# [Task prompt]
Images aside, return all the entries exactly.

# [Information]

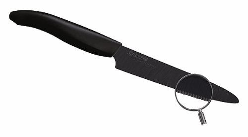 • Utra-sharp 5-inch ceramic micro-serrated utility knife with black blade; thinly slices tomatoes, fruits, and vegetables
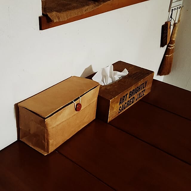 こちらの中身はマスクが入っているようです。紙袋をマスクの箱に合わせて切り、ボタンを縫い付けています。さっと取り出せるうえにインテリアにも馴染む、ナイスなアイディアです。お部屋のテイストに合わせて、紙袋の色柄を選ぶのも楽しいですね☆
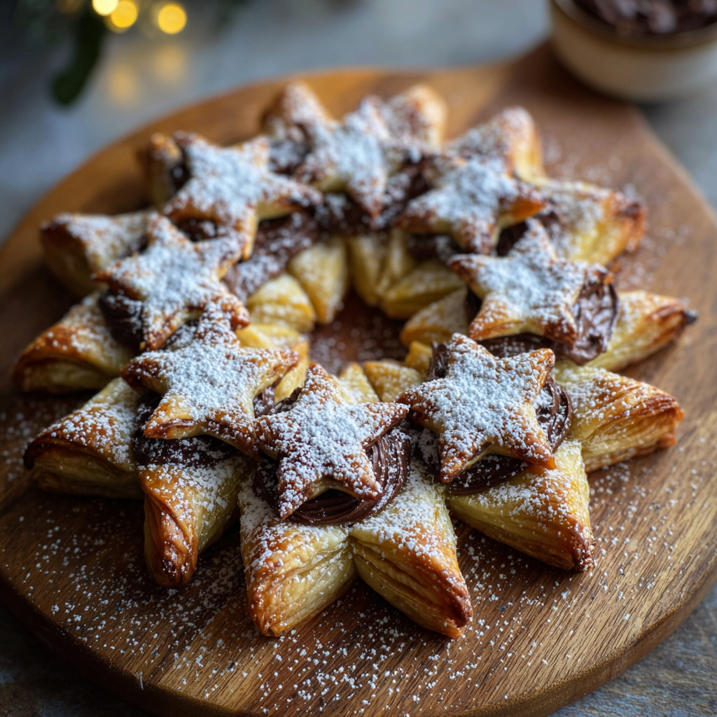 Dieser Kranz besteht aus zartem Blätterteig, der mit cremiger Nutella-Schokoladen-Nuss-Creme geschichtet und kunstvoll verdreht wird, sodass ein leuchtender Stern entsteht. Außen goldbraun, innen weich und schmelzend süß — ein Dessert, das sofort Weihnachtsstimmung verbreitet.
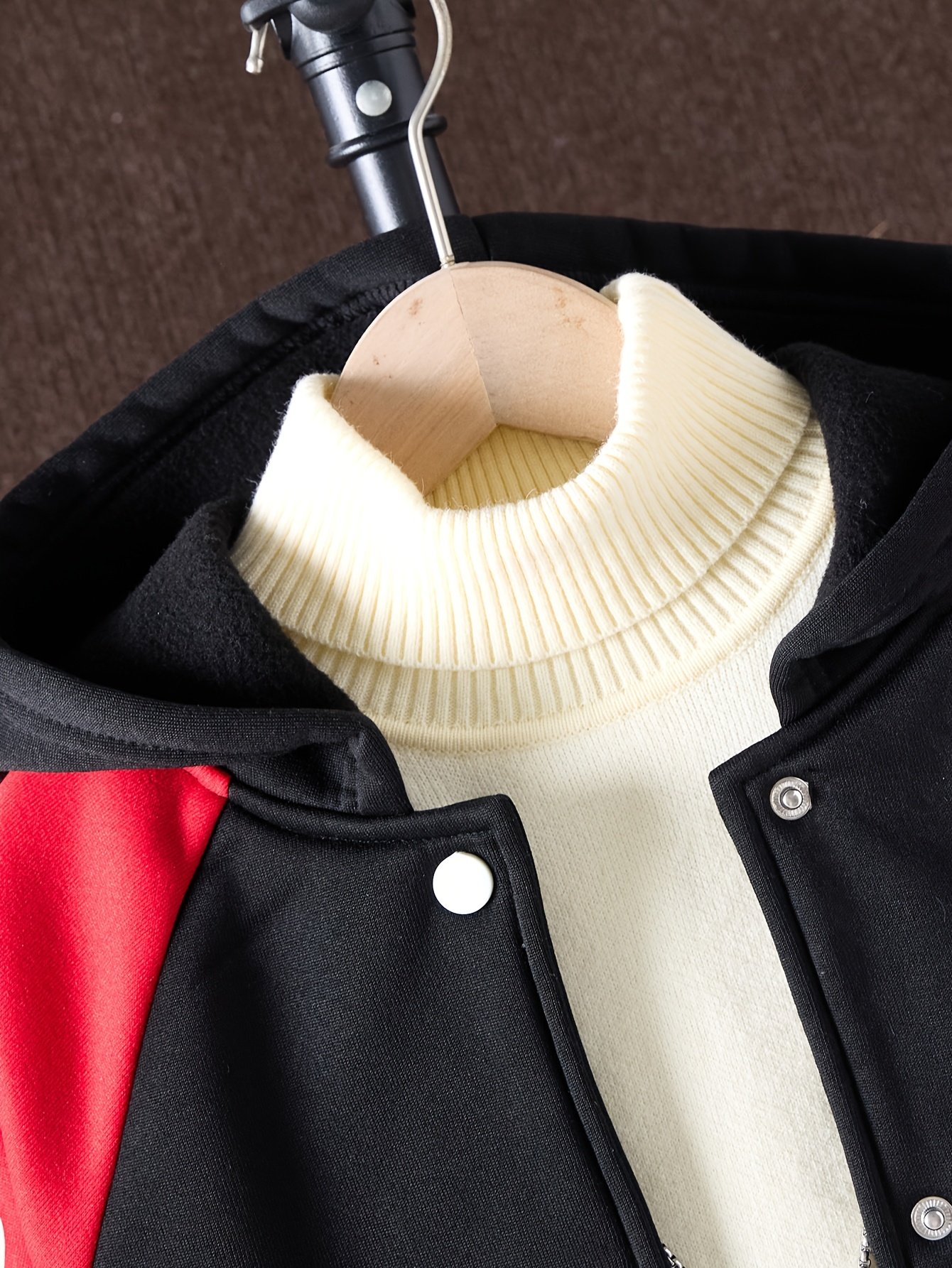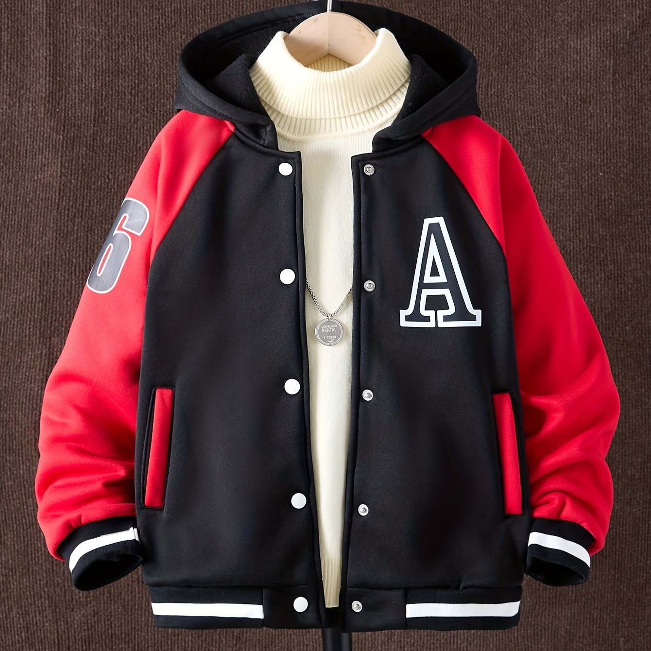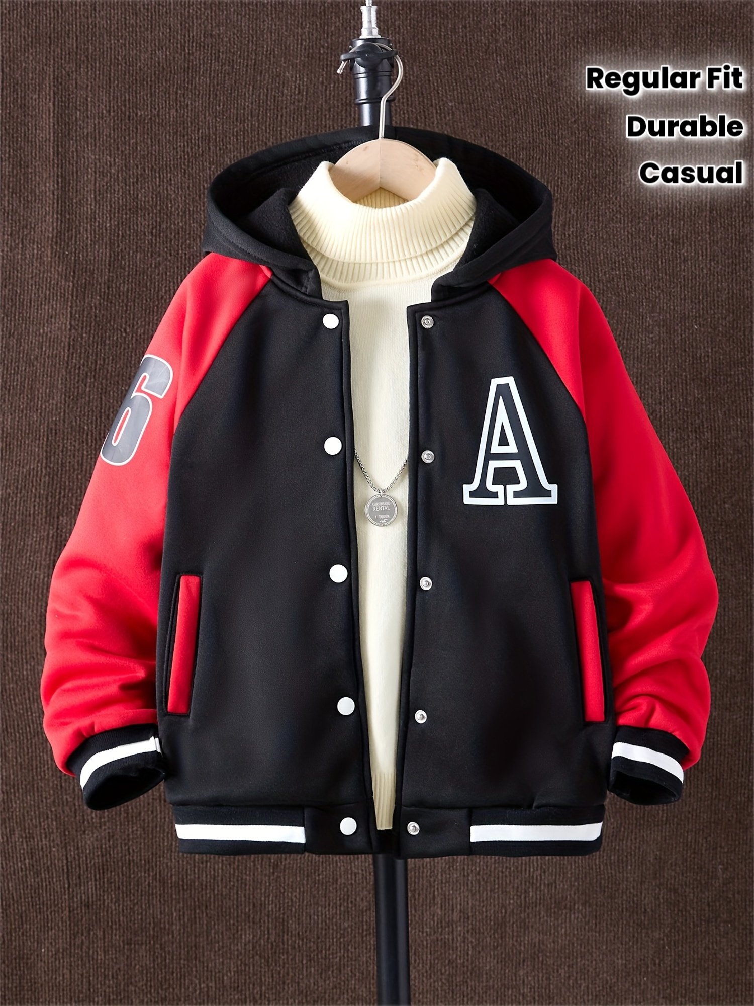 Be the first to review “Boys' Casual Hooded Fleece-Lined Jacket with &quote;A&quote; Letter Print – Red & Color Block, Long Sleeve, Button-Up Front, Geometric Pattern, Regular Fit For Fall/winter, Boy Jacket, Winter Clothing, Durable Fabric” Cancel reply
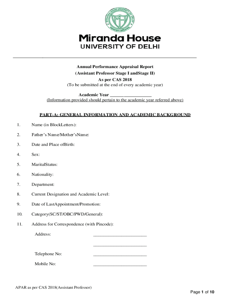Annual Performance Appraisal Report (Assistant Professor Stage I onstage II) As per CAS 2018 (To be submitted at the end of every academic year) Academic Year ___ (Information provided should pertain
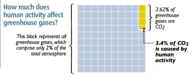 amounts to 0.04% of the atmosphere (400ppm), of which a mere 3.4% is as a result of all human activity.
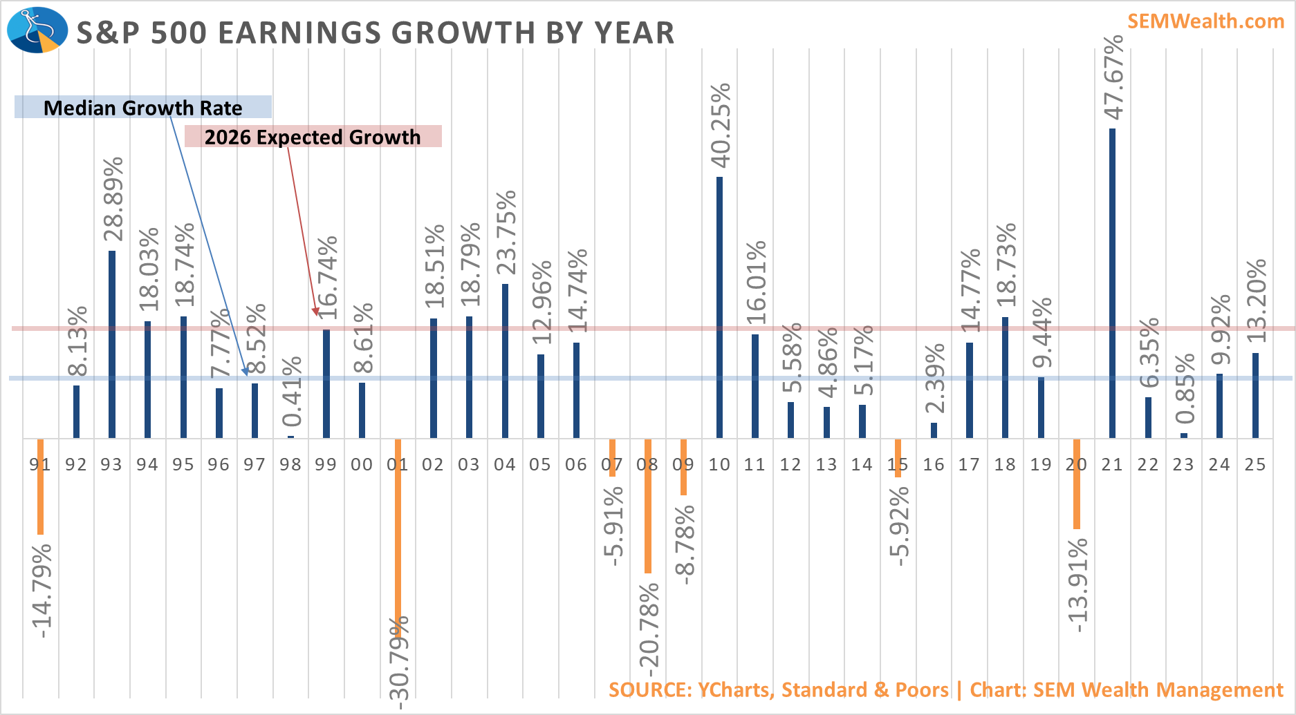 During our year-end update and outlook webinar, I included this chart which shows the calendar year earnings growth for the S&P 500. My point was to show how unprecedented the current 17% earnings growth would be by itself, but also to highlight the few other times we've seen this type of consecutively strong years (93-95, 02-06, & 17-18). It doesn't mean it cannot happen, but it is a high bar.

# [Answer for the task]
 • Utra-sharp 5-inch ceramic micro-serrated utility knife with black blade; thinly slices tomatoes, fruits, and vegetables
 こちらの中身はマスクが入っているようです。紙袋をマスクの箱に合わせて切り、ボタンを縫い付けています。さっと取り出せるうえにインテリアにも馴染む、ナイスなアイディアです。お部屋のテイストに合わせて、紙袋の色柄を選ぶのも楽しいですね☆
 Dieser Kranz besteht aus zartem Blätterteig, der mit cremiger Nutella-Schokoladen-Nuss-Creme geschichtet und kunstvoll verdreht wird, sodass ein leuchtender Stern entsteht. Außen goldbraun, innen weich und schmelzend süß — ein Dessert, das sofort Weihnachtsstimmung verbreitet.
 Be the first to review “Boys' Casual Hooded Fleece-Lined Jacket with &quote;A&quote; Letter Print – Red & Color Block, Long Sleeve, Button-Up Front, Geometric Pattern, Regular Fit For Fall/winter, Boy Jacket, Winter Clothing, Durable Fabric” Cancel reply
Annual Performance Appraisal Report (Assistant Professor Stage I onstage II) As per CAS 2018 (To be submitted at the end of every academic year) Academic Year ___ (Information provided should pertain
 amounts to 0.04% of the atmosphere (400ppm), of which a mere 3.4% is as a result of all human activity.
 During our year-end update and outlook webinar, I included this chart which shows the calendar year earnings growth for the S&P 500. My point was to show how unprecedented the current 17% earnings growth would be by itself, but also to highlight the few other times we've seen this type of consecutively strong years (93-95, 02-06, & 17-18). It doesn't mean it cannot happen, but it is a high bar.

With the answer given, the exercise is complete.